A scatter plot , also point cloud called (engl. Scatter plot ), the graphical representation of the observed values of two pairs of statistical characteristics . These pairs of values are entered in a Cartesian coordinate system , resulting in a point cloud . The points can be represented by various symbols.
It is hoped that the pattern of the points in the scatter diagram will provide information about the dependency structure of the two characteristics that are represented by the coordinates.
The example diagram opposite contains points that represent the two characteristics "length" and "width" of various artillery ships. The ships are divided into four classes, which are assigned different colors (destroyer, light cruiser, heavy cruiser, battleship). Such a scatter diagram shows various correlations in the recorded data at a glance .
Frequently occurring correlations are clusters (agglomerations) and linear structures. Clusters can be examined with the cluster analysis . Regression analysis is particularly useful for quantifying linear correlations .
If a third (metric) feature is also to be displayed, this can be done by changing the size of the symbols. The resulting chart type is called a bubble chart .
With discrete features
In general, only evenly distributed data is suitable for scatterplots. Observations of discretely distributed features overlap when the same values are present several times. However, there are also ways to represent ordinally scaled features in scatterplots:
- by "sunflowers": a circle is entered at each pair of coordinates. The number of pairs of values that lie on this point is represented by lines on the circle, so that a stylized sunflower results.
- by means of a " jittered scatter plot": small random numbers are added to the data so that the values are slightly pulled apart and result in a point cloud. However, the values are actually on top of each other. You could call them “pseudometric”.
The following example shows both possibilities based on the evaluation of a statistics lecture in which the characteristics “material is understandable” and “overall grade statistics” (grades from 1 to 4) were entered in a scatter diagram.
|Sunflower Scatterplot||Jittered scatter plot|
The dot plot or the point diagram is also known as a one-dimensional scatter plot. In it, a variable is displayed either on the x-axis or on the y-axis (as in the graphics). Depending on how many values the observations of the variables assume, the problem arises that you can only see one data point, although (many) other observations can be hidden behind it.
Similar to the sunflower scatter plot, symbols can be used in different ways to represent the number of points. This should be explained using a historical example (horse- kick data from Bortkewitsch ):
- In the graphic on the left, a larger circle symbolizes that more observations are hidden behind it than with a smaller circle (bubble diagram).

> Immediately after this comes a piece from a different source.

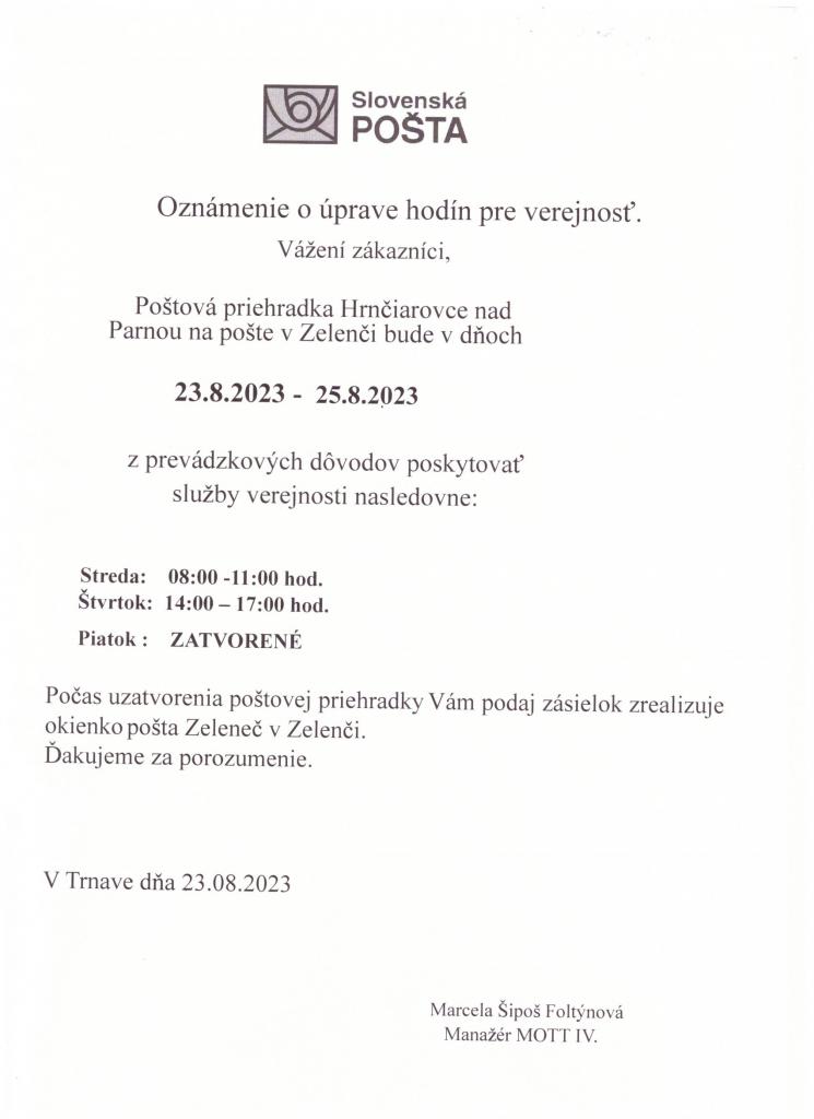 Okienko Hrnčiarovce-Pošta Zeleneč -Oznam o úprave hodín pre verejnosť

- In the graphic on the right, a circle is drawn for each data point; if the same value occurs several times, additional circles are drawn to the right of the first circle.
The dot plot allows insights into the distribution of a variable, e.g. B. where the observations are particularly dense or the observations are distributed over only a few values.
In the scatter diagram matrix of a multivariate data set , two scatter diagrams are drawn for individual pairs of variables, which lie on both sides (top right / bottom left) of the matrix diagonals filled with text .
The only difference between the two scatter diagrams that belong to a pair of variables is which variable is mapped onto the x-axis or the y-axis. I.e. the corresponding point clouds on both sides of the matrix diagonals are mirrored, but not on the above. Diagonals, but rather on their respective x = y lines , which are all perpendicular to the matrix diagonal.
In variations of the scatter plot matrix, instead of the mirrored point clouds, additional information is also displayed, e.g. B. Correlation coefficients or regression functions.
Only the variable names are entered on the diagonal in the graphic on the right. However, there are variations here too, e.g. B. with further information ( box plots , density estimates) about the respective variable.
The scatter plot matrix has several disadvantages:
- The number of variables shown should not become too large, as otherwise the area for each scatter diagram will be too small and thus confusing. The scatter plot matrix shows precisely different projections of the multivariate data for variables (mirrored representations as described above are not counted). In the example shown, and is therefore the number of different projections . The brothers Tukey therefore metrics proposed summary with Scagnostics referred characterizing the nature of the point cloud.
- An interesting data structure need not be visible in the projections of the scatter plot matrix. Then either the Grand Tour or the projection pursuit method should be used.